В его голосе звучали уверенность и сила. И это были не пустые слова. Это было как раз то, на что он способен: поступок, требующий душевной щедрости и бескорыстия, когда Том, чего бы это ему ни стоило, с головой окунется в бурную деятельность — ну и, кстати, получит большое удовольствие. В приливе умиления я простил ему за доброе сердце и привычку давить на других, и нелепости, которые он вытворял.
— Вы понимаете, у меня сейчас такое положение в школе… — пристыжено начал я.
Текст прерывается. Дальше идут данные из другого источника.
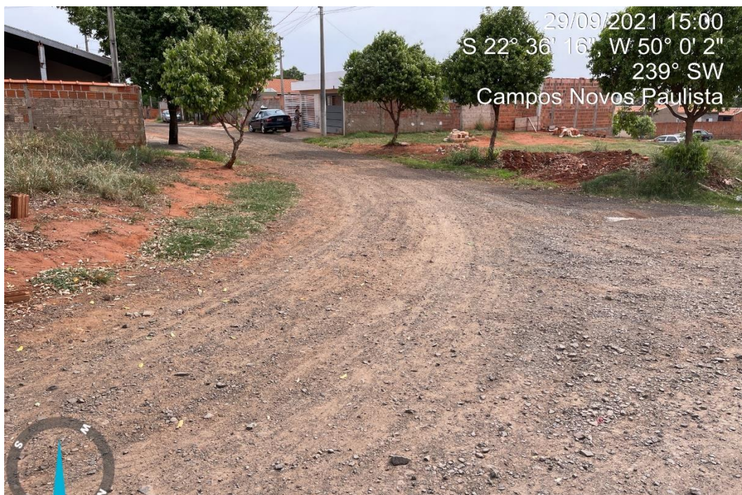
RUA ALAMEDA DOS JASMINS
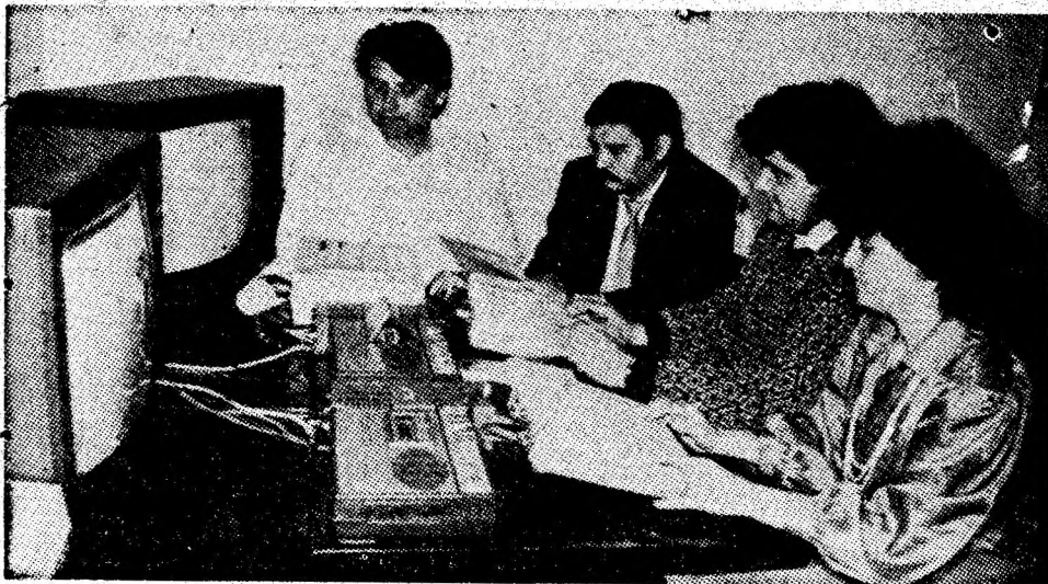
Aspect din activitatea de cercetare din cadrul ICITPMH Petroșani.
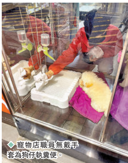
◆寵物店職員無戴手套為狗仔執糞便。
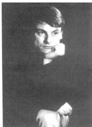
Andrej Arszenyevics Tarkovszkij

— Да, ты уж держись в стороне, — перебил меня Том.
Я кивнул — в школе у меня и без того хватает неприятностей.
— Мне, пожалуй, лучше бы вообще ничего не слышать об этой истории.
Фрэнк озабоченно нахмурился.
— Я никому не скажу, что говорил вам.
Я улыбнулся ему.
— Ничего, Фрэнк, ты не виноват.
Он с облегчением тоже улыбнулся в ответ.
Мне настало время уходить. Но прежде я вынул бумажник и сосчитал, сколько в нем фунтов. Все деньги я протянул Тому, с тайным сознанием, что делаю довольно красивый жест.
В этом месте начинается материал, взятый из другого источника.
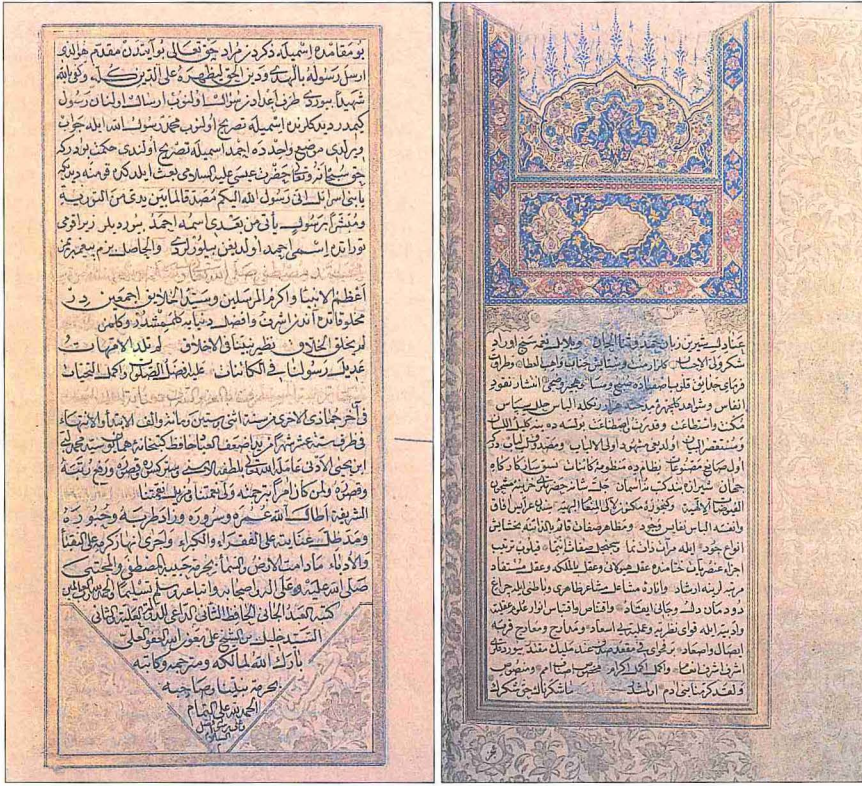
İbşîhî'nin el-Müsteṭraf adlı eserinin Lübbî Mehmed Efendi tarafından Esne't-tuhaf fi tercemeti'l-Müsteṭraf adıyla Türkçe'ye tercüme edilen nüshasının ilk ve son sayfaları (Nuruosmaniye Ktp., nr. 3737)

ön plana çıktığını, kendisinin ise yukarıdaki türlerin en güzel örneklerini bir araya getirdiğini söyler. İbşîhî eserini hazırlarken İbn Abdürabbih'in el-İkdü'l-ferîd 'i ile Zemahşerî'nin Rebî'u'l-ebâr 'ından faydalandığını ifade eder. Ancak eseri diğer bazı kaynaklarla karşılaştırıldığında onun adını zikretmediği başka eserlerden de yararlandığı anlaşılır. Mes'ûdî'nin Mürûcü'z-zeheb 'i, Ebû Ali el-Kâfî'nin el-Emâlî'si , Ebû Nuaym el-İsfahânî'nin Hilyetü'l-evliyâ 'ı, İbn Ebû Rendeke et-Turtûşî'nin Sirâcü'l-mülûk 'ü, İbn Hamdûn'un et-Tezkiretü'l-Hamdâniyye 'si, Ebû'l-Ferec İbnü'l-Cevzî'nin Telkîhu fûhûmi ehli'l-eşer 'uyûnî'l-târîh ve's-siyer', Edebü'l-ezkiyâ ' ve ahbâruhüm 'ü, İbn Seb'in'in Şifâ'u's-şudûr 'u, Zekerîyyâ el-Kazvî'nin 'Acâ'ibü'l-mahlûkât 'ı ve Demîrî'nin Hayâtü'l-hayevân 'ı bunlar arasında zikredilebilir. Müellifin, dönemindeki ansiklopedik eser yazma akımının etkisinde kalarak düzenlediği el-Müsteṭraf seksen dört bölüme ayrılmıştır. Kitabın muhtevasını şu başlıklar altında toplamak mümkündür: İslâm'ın esasları,

— Вот, возьми — не ровен час, пригодятся, — торжественно сказал я.
Том взял с таким лицом, как будто этого мало. Я обиделся. Пошарив в карманах, я обнаружил, что мне не хватает мелочи заплатить за чай.
— Придется фунт взять обратно.
— Я тебе одолжу полкроны, — сказал Том, не обнаруживая ни малейшего намерения расстаться хотя бы с одной бумажкой.
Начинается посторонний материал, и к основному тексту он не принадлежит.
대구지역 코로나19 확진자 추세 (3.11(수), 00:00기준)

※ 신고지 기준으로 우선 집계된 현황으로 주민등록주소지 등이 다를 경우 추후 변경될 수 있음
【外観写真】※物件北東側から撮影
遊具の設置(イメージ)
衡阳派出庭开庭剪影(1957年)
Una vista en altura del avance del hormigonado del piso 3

Я шагал по рыночной площади и злился на весь белый свет. Миртл могла бы сейчас с полным основанием обвинить меня в том, что я обидчив и гневлив. Я шел и задавал себе риторические вопросы: зачем я ввязываюсь в чужие дела, почему не умею жить сам по себе? Мне представлялось, будто Тревор неким косвенным образом повинен в том, что я повздорил с Болшоу.
Америка, размышлял я, — вот где мое место. Страна свободы, где у меня будут ученики, с которыми девушки не влипнут. А если влипнут? Неизвестно еще, какого она сорта, эта свобода. Я вспомнил вдруг, что Том откладывает свой отъезд в страну свободы.
Размышления сменились подозрениями. Что-то на сей раз задумал этот Том, спрашивал я себя, и теперь это был уже не риторический вопрос.
Глава 4
РАЗВЯЗКА В ПИВНОЙ
Был вечер. Я сидел и, полный недобрых предчувствий, дожидался, когда придет Миртл. Только что у нас с ней состоялся странный разговор по телефону. Вот уже несколько дней, как я не видел ее — у нас опять испортились отношения. Сегодня она позвонила и сообщила, что в полночь идет на утренний просмотр.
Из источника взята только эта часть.